**EXERCISE OBJECTIVE**
Below are records that hold pictures; write out only the lines from their start through the line with "新百成都店在災(zāi)難發", exactly, and drop the pictures.
•••••
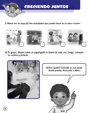1) Marca con un aspa (X) dos actividades que puedes hacer en tu casa o barrio.
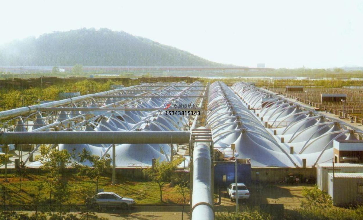 污水池反吊膜技術(shù)是一種利用膜材反吊的原理,將鋼結(jié)構(gòu)在外將膜材懸吊,利用膜材的氣密性特點,將廢氣密封在一個密閉的空間,進而將凈化后的廢氣排出池外,達到排放標(biāo)準(zhǔn)的技術(shù)。它采用以鋼構(gòu)為支撐,膜材反吊覆蓋的膜結(jié)構(gòu)形式,即抗腐蝕能力很強的新型環(huán)保膜材將廢氣量住,而鋼結(jié)構(gòu)則在外面將膜懸吊起來。
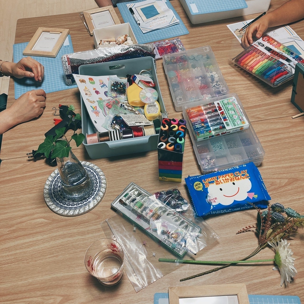 この日はフォトフレームのデコーレーションをしてます。
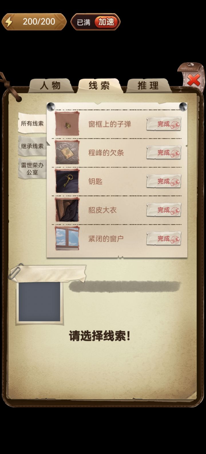 场景更新不了,线索全部搜完了,推理也剩下一个,没有新的场景就没有推理的证据,要怎样才有新的场景?
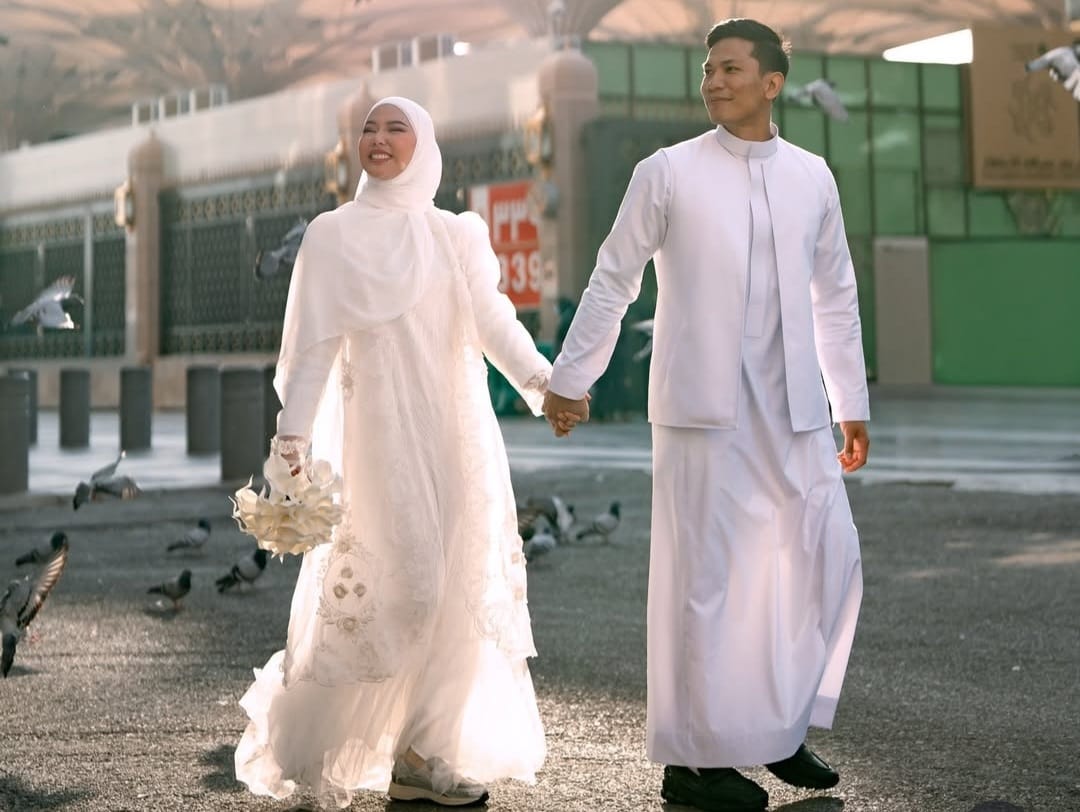 Dalam unggahannya, Dara tampil anggun dengan gaun serba putih, serasi dengan Rehan yang mengenakan gamis senada. Pasangan ini terlihat memamerkan senyum bahagia dengan latar belakang pemandangan indah Kota Madinah.
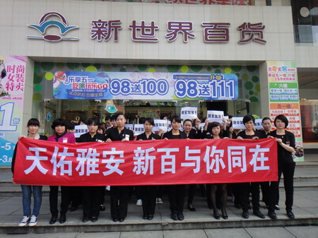 新百成都店在災(zāi)難發(fā)生24小時內(nèi),發(fā)起活動,祈禱雅安平安
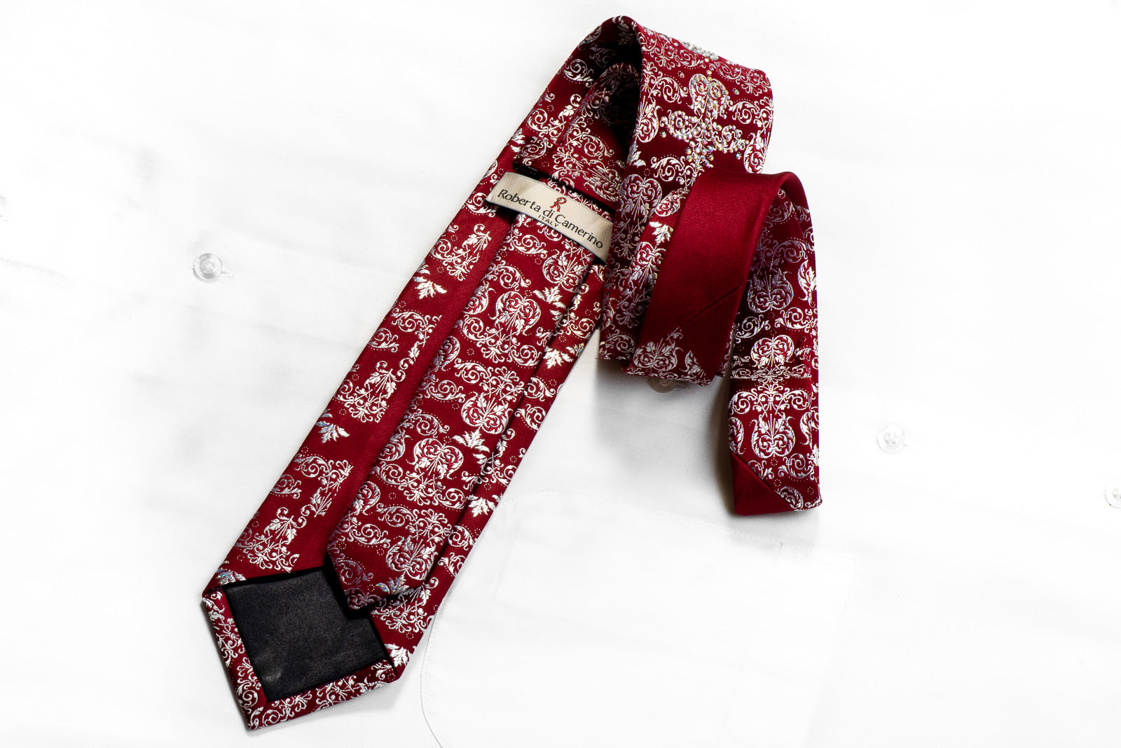 Gorgeous men's Rhinestone necktie handmade from the finest quality silk and designed by top brand name Roberta di Camerino. Presenting an elegant woven silver Damask design on burgundy, sparkling with crystal AB Rhinestones and metallic silver sparkles.
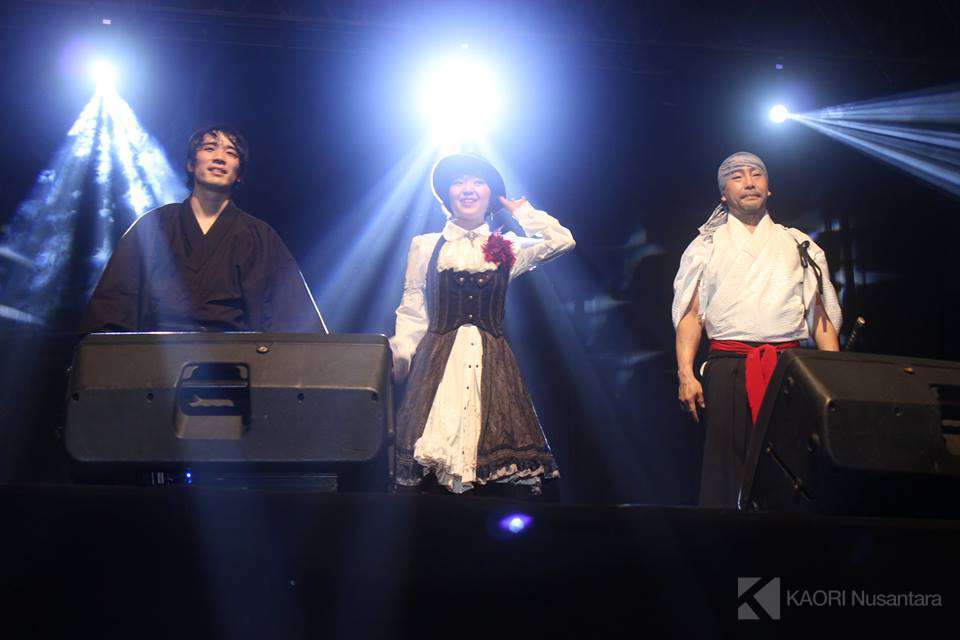 In the middle of KAMUI’s act, Mika, once again, surprised the audiences. This time she went upstage and accompanied master Shimaguchi’s sword choreography with her elegant solo keyboard. Their collaboration successfully amused the audiences. This time, audiences were giving them even more applause
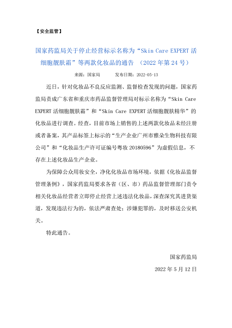 | 【安全监管】国家药监局关于停止经营标示名称为“Skin Care EXPERT活细胞靓肤霜”等两款化妆品的通告(2022年第24号) |
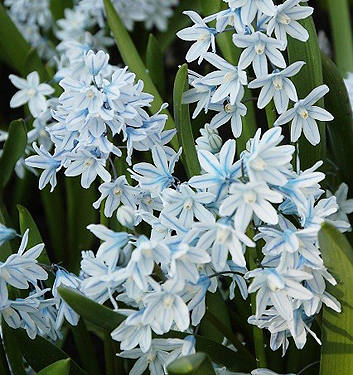 Fiori di colore blu chiaro-celeste e bianco in dense infiorescenze.
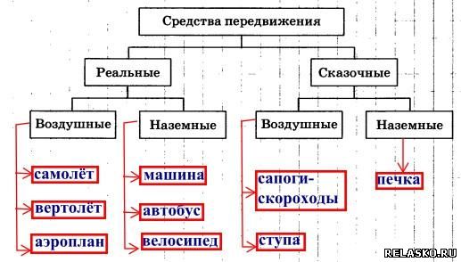 54. Дополните классификацию средств передвижения, используемых в реальной жизни и встречающихся в сказках.
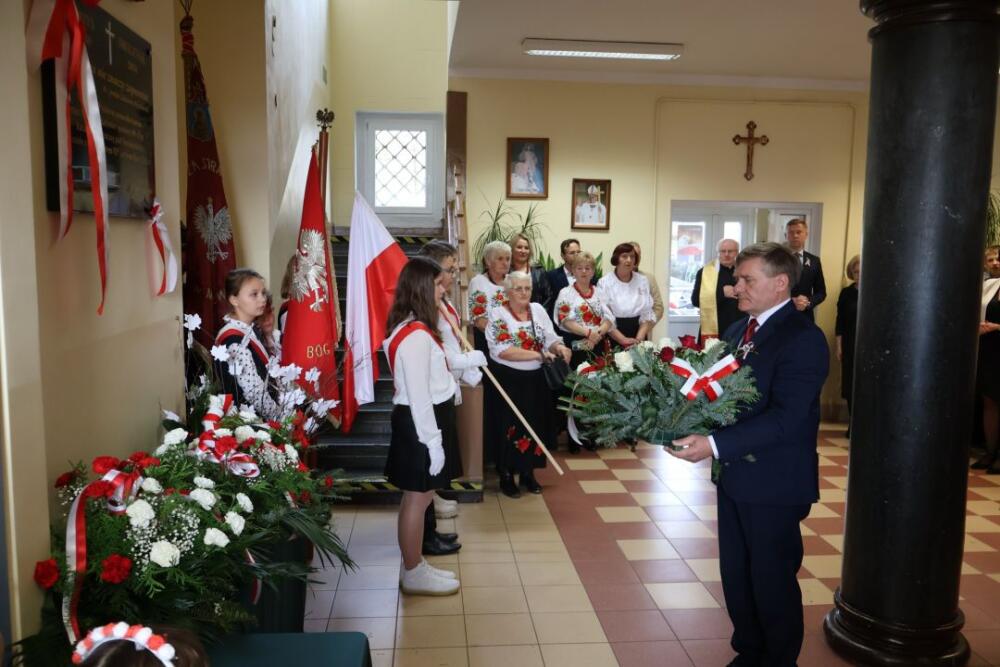 Pierwszym punktem uroczystości była Msza święta w kościele pw. św. Antoniego w Koziegłówkach, którą odprawiał ksiądz kanonik Kazimierz Adam Świerdza. Następnie w Szkole Podstawowej SPSK w Mysłowie miało miejsce odsłonięcie i poświęcenie okolicznościowej tablicy w hołdzie Polakom pomordowanym przez NKWD w Katyniu i pamięci 96 ofiar katastrofy smoleńskiej. Poświęcenia tablicy dokonał ks. proboszcz Kazimierz Świerdza. Uroczystość uświetnili swą obecnością między innymi: Prezes Stowarzyszenia Przyjaciół Szkół Katolickich w Częstochowie Maria Chodkiewicz i Wiceprezes Zbigniew Zastawny, asystent Poseł do Parlamentu Europejskiego Jadwigi Wiśniewskiej Marcin Woś, Burmistrz Gminy i Miasta Koziegłowy Jacek Ślęczka, Dyrektor Szkoły Podstawowej SPSK w Winownie Anna Madejska-Boleń, radny GiM Koziegłowy Dariusz Stuła, sołtys Mysłowa Marcin Kwoka, KGW Mysłowianki, mieszkańcy Mysłowa oraz rodzice. Obecne były także poczty sztandarowe: Szkoły Podstawowej SPSK w Winownie, OSP w Mysłowie oraz poczet górniczy.
•••••
**WRITTEN SOLUTION**
1) Marca con un aspa (X) dos actividades que puedes hacer en tu casa o barrio.
 污水池反吊膜技術(shù)是一種利用膜材反吊的原理,將鋼結(jié)構(gòu)在外將膜材懸吊,利用膜材的氣密性特點,將廢氣密封在一個密閉的空間,進而將凈化后的廢氣排出池外,達到排放標(biāo)準(zhǔn)的技術(shù)。它采用以鋼構(gòu)為支撐,膜材反吊覆蓋的膜結(jié)構(gòu)形式,即抗腐蝕能力很強的新型環(huán)保膜材將廢氣量住,而鋼結(jié)構(gòu)則在外面將膜懸吊起來。
 この日はフォトフレームのデコーレーションをしてます。
 场景更新不了,线索全部搜完了,推理也剩下一个,没有新的场景就没有推理的证据,要怎样才有新的场景?
 Dalam unggahannya, Dara tampil anggun dengan gaun serba putih, serasi dengan Rehan yang mengenakan gamis senada. Pasangan ini terlihat memamerkan senyum bahagia dengan latar belakang pemandangan indah Kota Madinah.
 新百成都店在災(zāi)難發(fā)生24小時內(nèi),發(fā)起活動,祈禱雅安平安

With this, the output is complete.